# INPUT:
****************
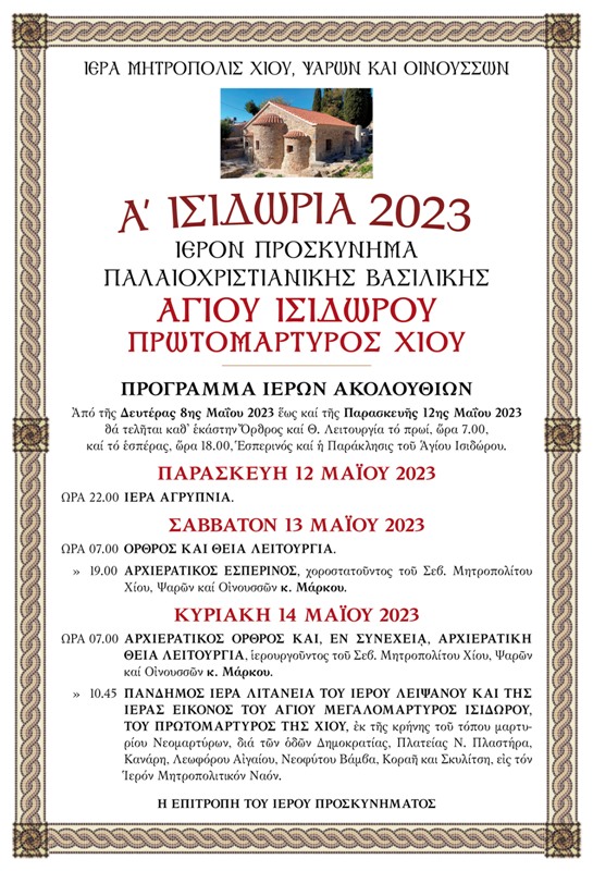 Η Χίος έχει την ιδιαίτερη ευλογία από φέτος να προσφέρει τη δέουσα τιμή στον Άγιο Μάρτυρα του Χριστού Ισίδωρο τον καλώς αθλήσαντα και στεφανωθέντα, επί μία εβδομάδα προ της κυριωνύμου ημέρας, με την τέλεση ιερών ακολουθιών, πρωί και απόγευμα, την προσκύνηση του ιερού λειψάνου του Αγίου, Αγρυπνία και Αρχιερατική Πανήγυρη, με τον γενικό τίτλο «Α΄ ΙΣΙΔΩΡΕΙΑ» και με επίκεντρο το Ιερό Προσκύνημα της Παλαιοχριστιανικής Βασιλικής του Αγίου Ισιδώρου.
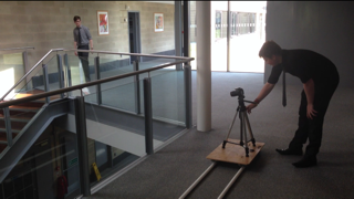 What we found, however, was that without weighing down the board of the dolly, the movement was shakey. Our progression in learning about this process can be seen by the steadiness of the final shot. We decided to borrow weights from the Science department which worked perfectly.
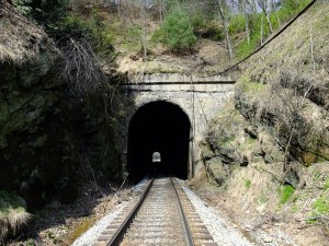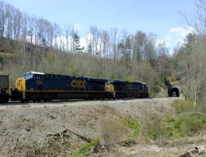 As the CSX heads down the Blue Ridge, it makes the first Loop, curling around to come back to about 100′ away from the tangent that leads into it (but 132′ lower). Coming out of 2nd Washburn, about 1/4 mile away to the south, lies Quinn Knob tunnel, 545′ long. It carries a 1912 date on this south lintel at 35.841637, -82.041630. It’s on a slight bend, leading to 3rd Washburn, which we’ll get to shortly. Then we’ll take a break and gaze at four tunnels down on Norris Lake. Ever hear of the Knoxville, Cumberland Gap & Louisville Railroad? It was involved in the breaching of Cumberland Gap for the mighty steel rails. More later.
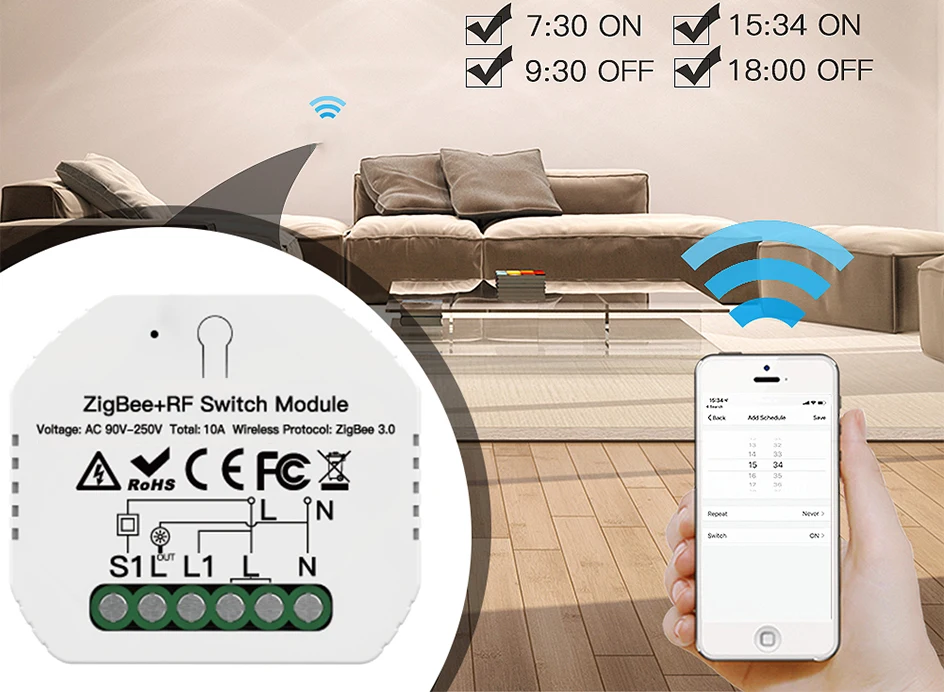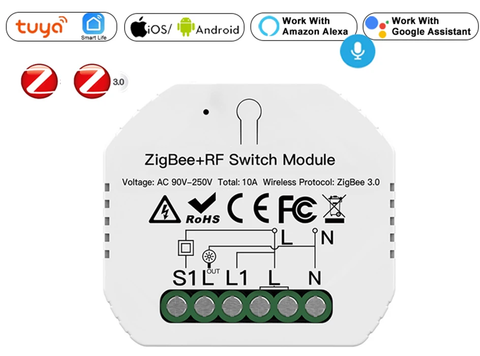 3. Обеспечивает голосовое и Беспроводное дистанционное управление без помощи рук; Поддерживает Голосовое управление Amazon Alexa Google Home и дистанционное управление приложением Smart Life/ Tuya на смартфонах со специальным концентратором Tuya ZigBee 3,0, необходимым и подключенным. 4. Учитывая состояние нестабильной сети или отсутствие сети, модуль коммутатора ZigBee 3,0 действительно является незаменимым элементом в сочетании со шлюзом ZigBee для формирования домашней локальной сети, больше не беспокойтесь о том, что нет и слабая сеть, легко получить управление через подключенные устройства при наличии стабильного сигнала ZigBee; Позволяет подключать больше устройств по ZigBee, чем по Wi-Fi протоколу, специально поддерживается этот модуль переключателя Zigbee 5. Возьмите полный контроль над подключенными устройствами с таймерами, расписаниями и обратным отсчетом (5/30 минут, 1 час и т. д.) с помощью приложения Smart Life / Tuya; Поделитесь контролем с семьей и друзьями для дополнительного удобства
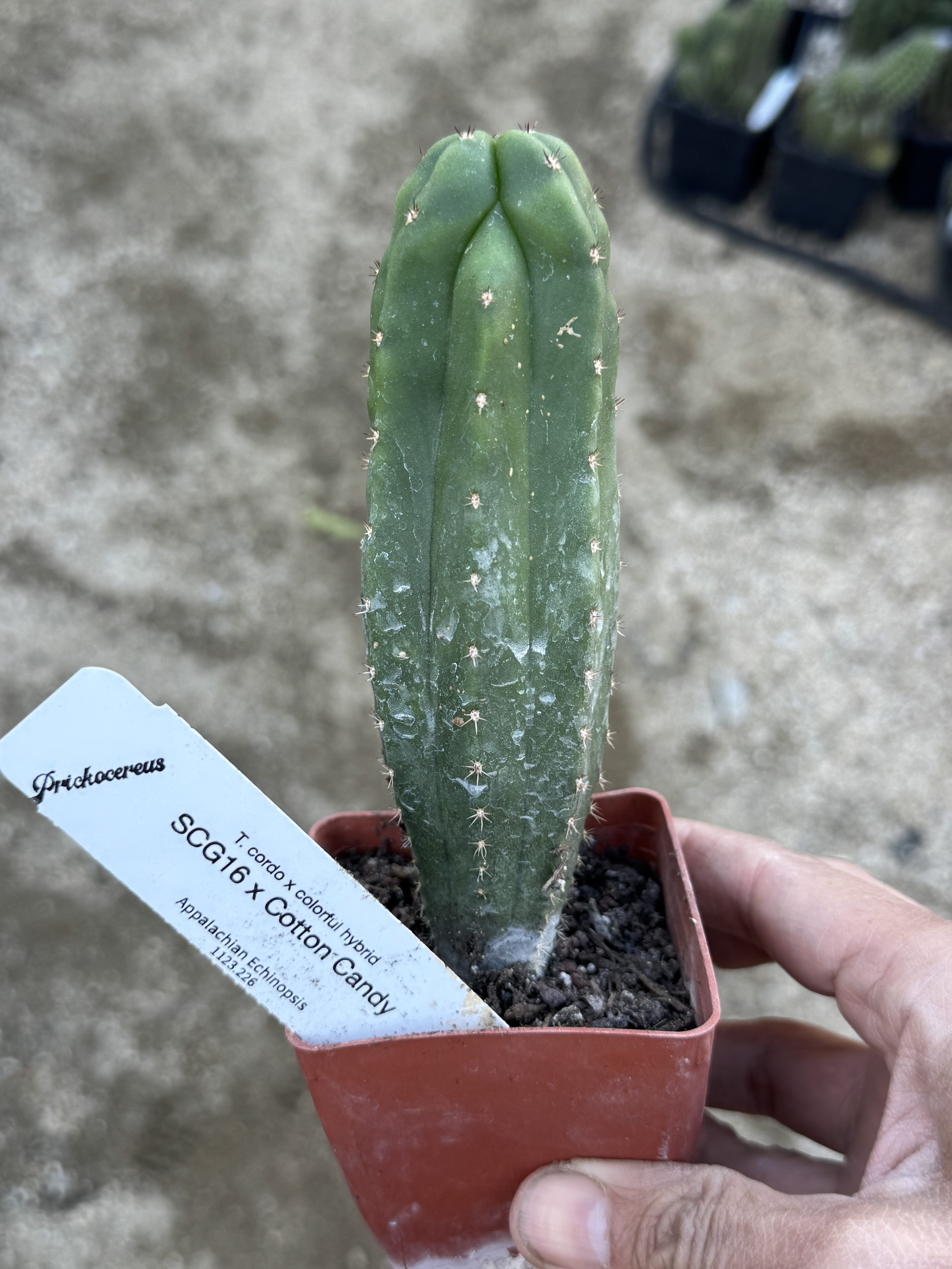 SCG16 x Cototn Candy is a scop/cordo x colorful hybrid : Appalachian Echinopsis made this cross between a scop/cordo and a colorful hybrid named Cotton Candy. The hopes of a nice pink flower will come from these thick skinned columns.
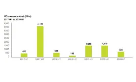 IPO fundraising plunged 53.2% to $725m in H1
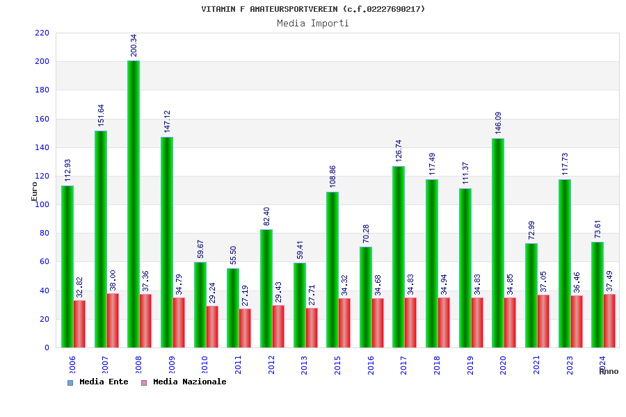 | Anno | Firme | Importi | Media | Naz. | Reg. | Prov. | Comu. |
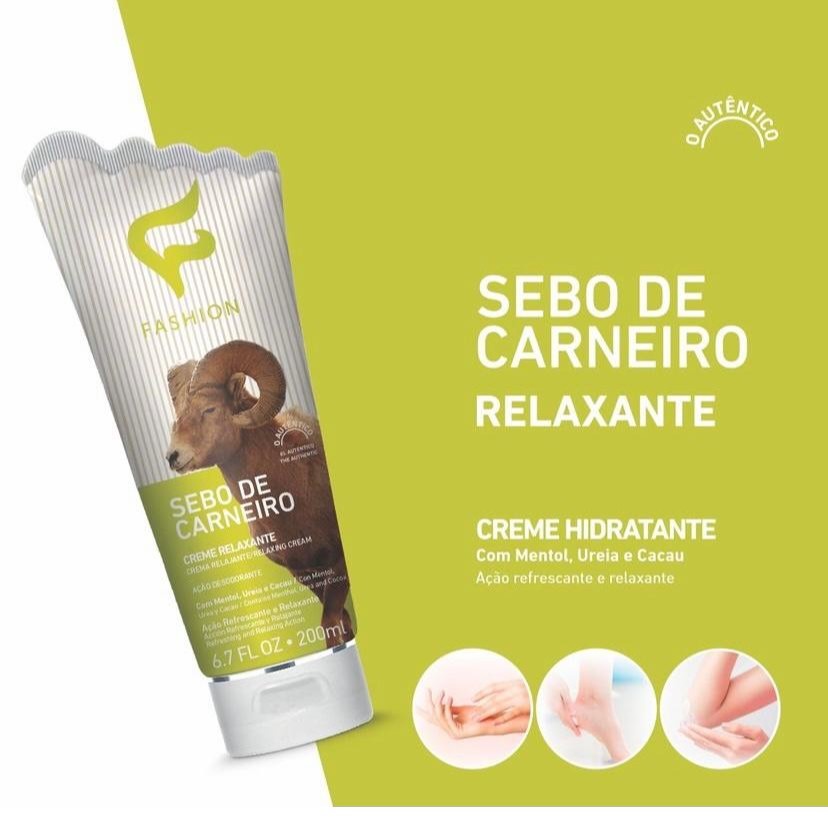 O valor anunciado é referente UM sebo RELAXANTE! Hidratação com absorção rápida e ação refrescante, o Creme Sebo de Carneiro Relaxante proporciona sensação de bem estar, relaxamento e conforto, além de deixar a pele macia e muito hidratada. DETALHES • Creme Relaxante • Ação desodorante • Com Mentol, Ureia e Cacau • Ação Refrescante e Relaxante Aqui na DOMAN você encontra os melhores produtos para o seu cuidado pessoal ;)
****************
# DESCRIPTION OF THE TASK:
Retype the listing exactly. Leave the pictures out.

# ANSWER:
 Η Χίος έχει την ιδιαίτερη ευλογία από φέτος να προσφέρει τη δέουσα τιμή στον Άγιο Μάρτυρα του Χριστού Ισίδωρο τον καλώς αθλήσαντα και στεφανωθέντα, επί μία εβδομάδα προ της κυριωνύμου ημέρας, με την τέλεση ιερών ακολουθιών, πρωί και απόγευμα, την προσκύνηση του ιερού λειψάνου του Αγίου, Αγρυπνία και Αρχιερατική Πανήγυρη, με τον γενικό τίτλο «Α΄ ΙΣΙΔΩΡΕΙΑ» και με επίκεντρο το Ιερό Προσκύνημα της Παλαιοχριστιανικής Βασιλικής του Αγίου Ισιδώρου.
 What we found, however, was that without weighing down the board of the dolly, the movement was shakey. Our progression in learning about this process can be seen by the steadiness of the final shot. We decided to borrow weights from the Science department which worked perfectly.
 As the CSX heads down the Blue Ridge, it makes the first Loop, curling around to come back to about 100′ away from the tangent that leads into it (but 132′ lower). Coming out of 2nd Washburn, about 1/4 mile away to the south, lies Quinn Knob tunnel, 545′ long. It carries a 1912 date on this south lintel at 35.841637, -82.041630. It’s on a slight bend, leading to 3rd Washburn, which we’ll get to shortly. Then we’ll take a break and gaze at four tunnels down on Norris Lake. Ever hear of the Knoxville, Cumberland Gap & Louisville Railroad? It was involved in the breaching of Cumberland Gap for the mighty steel rails. More later.
 3. Обеспечивает голосовое и Беспроводное дистанционное управление без помощи рук; Поддерживает Голосовое управление Amazon Alexa Google Home и дистанционное управление приложением Smart Life/ Tuya на смартфонах со специальным концентратором Tuya ZigBee 3,0, необходимым и подключенным. 4. Учитывая состояние нестабильной сети или отсутствие сети, модуль коммутатора ZigBee 3,0 действительно является незаменимым элементом в сочетании со шлюзом ZigBee для формирования домашней локальной сети, больше не беспокойтесь о том, что нет и слабая сеть, легко получить управление через подключенные устройства при наличии стабильного сигнала ZigBee; Позволяет подключать больше устройств по ZigBee, чем по Wi-Fi протоколу, специально поддерживается этот модуль переключателя Zigbee 5. Возьмите полный контроль над подключенными устройствами с таймерами, расписаниями и обратным отсчетом (5/30 минут, 1 час и т. д.) с помощью приложения Smart Life / Tuya; Поделитесь контролем с семьей и друзьями для дополнительного удобства
 SCG16 x Cototn Candy is a scop/cordo x colorful hybrid : Appalachian Echinopsis made this cross between a scop/cordo and a colorful hybrid named Cotton Candy. The hopes of a nice pink flower will come from these thick skinned columns.
 IPO fundraising plunged 53.2% to $725m in H1
 | Anno | Firme | Importi | Media | Naz. | Reg. | Prov. | Comu. |
 O valor anunciado é referente UM sebo RELAXANTE! Hidratação com absorção rápida e ação refrescante, o Creme Sebo de Carneiro Relaxante proporciona sensação de bem estar, relaxamento e conforto, além de deixar a pele macia e muito hidratada. DETALHES • Creme Relaxante • Ação desodorante • Com Mentol, Ureia e Cacau • Ação Refrescante e Relaxante Aqui na DOMAN você encontra os melhores produtos para o seu cuidado pessoal ;)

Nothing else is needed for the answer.